Acutus announced a deal to acquire Rhythm Xience, and new strategic partnerships with Peerbridge Health, Cardiac Designs and MedFact, to offer more electrophysiology products that complement its AcQMap multi-electrode electrophysiology mapping catheter system.

Acutus Medical Inc., which markets the AcQMap multi-electrode electrophysiology mapping system, will acquire Rhythm Xience, which makes devices to help electrophysiology catheters cross the heart’s septum, the companies announced on 9 May.

On the same day, Acutus also announced strategic partnerships with monitoring companies Peerbridge Health and Cardiac Designs, and a deal with MedFact to distribute its robot-enabled radiofrequency ablation catheter.

Terms of the deals were not disclosed.

“We've been working on these for quite a while and had discussions on each of these companies for over a year getting to know each other ... They’re great culture fits,” Acutus CEO Vince Burgess told Medtech Insight. The deals were announced on 9 May to coincide with the Heart Rhythm Society conference in San Francisco.
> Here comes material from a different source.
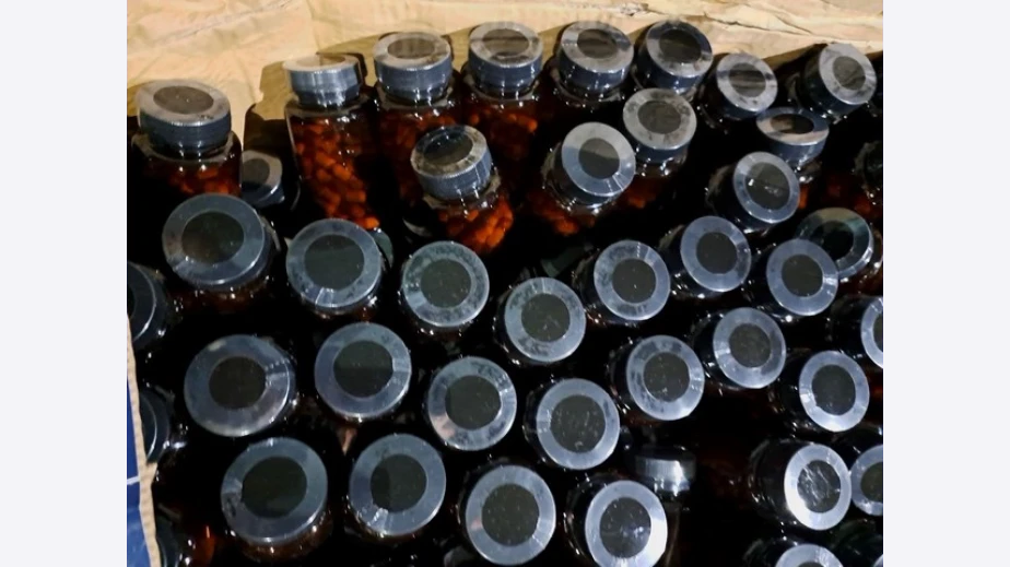 Предприети са претърсвания на адреси и автомобили. Намерени са голямо количество кафяви шишета с капсули, кашони с надписи с имена на добавки във вид на бяло прахообразно вещество, кутии с неидентифициран прах, пликове с бели таблетки, множество различни по вид празни шишета, капачки и самозалепващи се етикети, пресовъчна машина с принадлежности към нея, електронна везна, мобилни телефони, компютри, златни и сребърни кюлчета, оръжия и боеприпаси. Иззети са и полицейска палка, бронежилетка с надпис „Police“ и светлоотразителна жилетка с надпис „Пътна полиция“.

The AcQMap platform uses dipole density mapping to create a three-dimensional map of cardiac electrical activity of the heart in real-time. Burgess believes combining AcQMap with the technologies from Rhythm Xience, Peerbridge Health, Cardiac Designs and MedFact will make the treatment of cardiac arrhythmias more efficient and effective. (Also see "Acutus Is Trying To Fundamentally Change Understanding Of Arrhythmia With AcQMap" - Medtech Insight, 28 Mar, 2019.)

“It's been our stated strategy for quite some time here at Acutus to provide a complete solution for electrophysiologists … not just mapping, but provide a full suite of products,” Burgess said.

“It's been our stated strategy for quite some time here at Acutus to provide a complete solution for electrophysiologists." – Vince Burgess

Acutus will help push the field of electrophysiology from “EP 2.0” to “EP 3.0,” Burgess said. “EP 1.0” was the early development of the surgical Cox-Maze ablation procedure and the first 2D electrophysiology recording systems in the 80s and 90s, he explained. The advent of 3D mapping systems in the last 20 years created “EP 2.0” but, “success rates and procedure times … seem to have started to plateau. Success rates are not seeing the kind of improvements that everyone would like to see.”

To move past this plateau, Acutus is “obsessively focusing on looking at every single element of an electrophysiology procedure and every element of the continuum of care of a patient who has an arrhythmia [in order to] improve the whole diagnostic and therapeutic loop, and also simplify, streamline and improve the success rates of each individual procedure,” Burgess said.

"[Acutus is] in discussions with a number of other companies that are bringing important new improvements to the field large and small," Burgess said. "We're not done yet. We hope and expect to bring much-needed change to this field."

Rhythm Xience Brings Specific Catheter Expertise

Catheter mapping and ablation procedures require electrophysiologists to navigate the catheter across the interatrial septum of the heart, which is "one of the dodgiest parts of the procedure, especially for newer electrophysiologists," Burgess explained.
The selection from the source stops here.